カメラ業界は、年々高性能化の一途をたどるスマートフォンのカメラに押され、生き残りと新たな時代への適応を賭けて厳しく鎬を削り合っている。中途半端な性能のカメラでは、スマートフォンには立ち向かえない。そこでカメラ業界は、ピーキーな製品や抜群の描写力を誇るフルサイズセンサーを搭載したミラーレス機に力を入れて戦っている。滅びる者もあれば、フルサイズの間を取って高みの見物を決め込む者もいる。そもそも、年々フルサイズミラーレスカメラ市場はソニーの独壇場であった。そこへ、ようやく重い腰を上げて大手のキャノンとニコンが参戦したが、両者ともどうにも周回遅れ感のある製品ラインナップだった。キャノンは持ち前のレンズ群とマーケティング能力で意外と良い滑り出しみたいだが、当分はまだソニーの強さは維持されるだろう。大国に個々に切り込むのは無謀と思ったライカ、シグマ、パナソニックが同盟軍を結成したのも実に面白く、今後も楽しませてくれそうな業界だ。
そんな、カメラ分野ではオタク気質でイマイチ一般受けの良くないニコンだが、遠い海の向こう、USAでは軍用や狩猟用の光学機器を製造しているメーカーとしても有名だ。
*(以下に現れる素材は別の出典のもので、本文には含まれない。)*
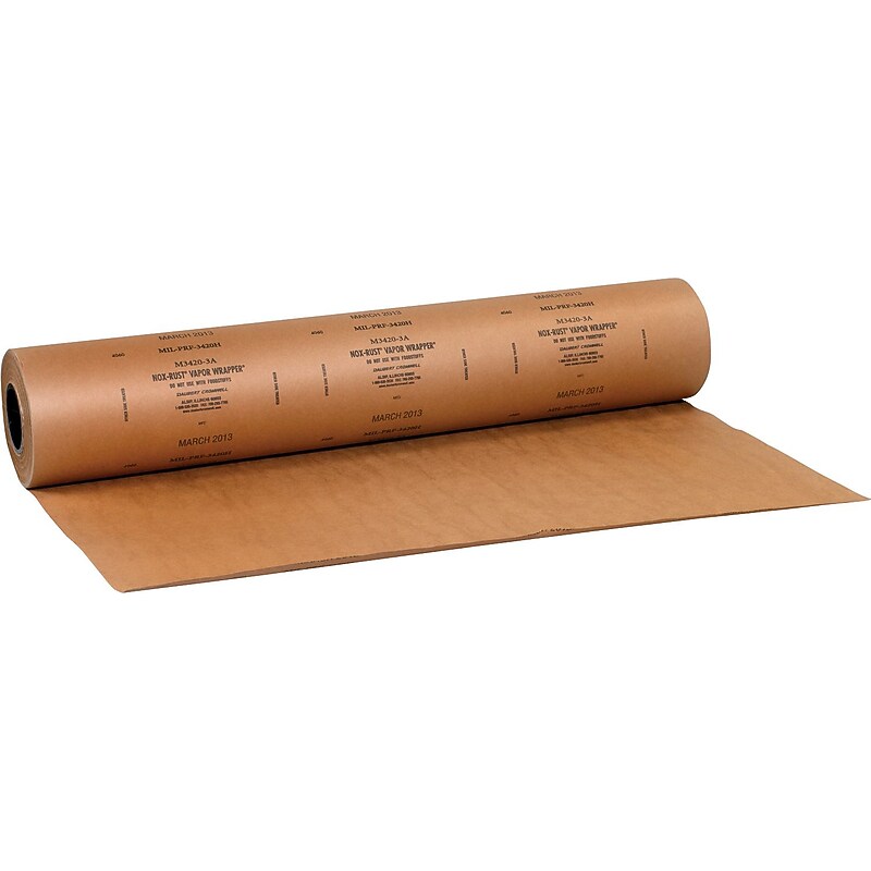 Partners Brand VCI Anti rust industrial paper waxed roll comes with complete wrap for maximum protection against rust, corrosion and oxidation. Paper roll measuring 36" x 200 yds is perfect for covering/wrapping ferrous metal parts or surfaces. 35-lb. paper. 36" x 200 yds. paper roll. Completely wrap for maximum protection. One square foot of VCI paper for every one cubic foot of packaging area is recommended. Chemically treated paper continuously vaporizes creating an environment that blocks out rust, corrosion and oxidation. Use volatile corrosion inhibiting (VCI) paper to cover or wrap ferrous metal parts or surfaces. Heavy duty and nitrate free. Only use with ferrous metals such as iron and steel. Not recommended for use with items containing nickel. Standards and compliance: Meets mil. spec. MIL-PRF-3420. Chemically treated 36" x 200 yds, 35-lb. mil spec VCI paper roll continuously vaporizes creating an environment that blocks out rust, corrosion and oxidation.

そもそもニコンは昔、旧陸軍や海軍等の個人装備や軍用機用の光学機器を製造していた歴史がある。カメラだけでなく、こういう歴史あるノウハウを持った光学機器メーカーなのだ。
そんなニコンが製造販売している求めやすい価格のタクティカル向け光学照準機が、P-TACTICALシリーズとなる。ライフルスコープやドットサイトを中心に展開されており、値段も概ね150ドル~300ドル台とお手頃価格のものが多い。今回紹介するP-TACTICAL SPURはオープンタイプのダットサイトで、シューターからの人気が高い製品である。
この製品を入手した経緯は、Burris Fast Fire 2オープンダットサイトを提供してくれたT氏からの凶報が始まりだった。所持していた散弾銃を倒してしまった際、搭載していたFast Fire2を下敷きにして壊してしまったとのこと。フレームは曲がり、レンズが破損してしまった。別の製品が欲しいという相談を受け、構造上強度の高いチューブタイプのダットサイトを勧めたが、オープンダットサイトを散弾銃の上に載せるのが好きだとのことで却下された。そこで、3万円以下という限られた予算の中で良いものは無いかと探していた時にニコンがこいつを発売した。
●全長は4.5cmほどと小型オープンダットサイトとしては普通のサイズ。重量はマウントと電池込みでも31グラムと軽量だ。
→ボディそのものは、重厚感のあるアルミニウム合金製。パッと持ってみるとちょっと重く感じるが、この手のダットサイトの中では軽量な部類だ。TrijiconのRMRには負けると思われるが、バリス社のFast Fireシリーズよりは頑丈さを感じることができる。
●ダットの光量調整は手動で行えるよう左側面にボタンが配置されているタイプ。自動調光の場合は、タクティカル目的だと合わない場合が多いのでこのシステムは助かる。マイナスボタンの長押しで電源を切ることも可。
●レンズ部は、ニコン独自の「TRUCOLOR」マルチコートレンズとか言う鳴り物入りで、透明度は非常に高い。後述するが、透明度がただ高いだけのダットサイトなら中華コピー光学照準器にもあるが、周辺部の歪みや逆光下での乱反射も抑えられており、高性能なニッコールレンズを手がけているカメラ屋らしい出来栄えだ。
●ダットの光は対物側からも見えるので、暗所や夜間での戦闘や偵察目的での使用は控えた方が良いだろう。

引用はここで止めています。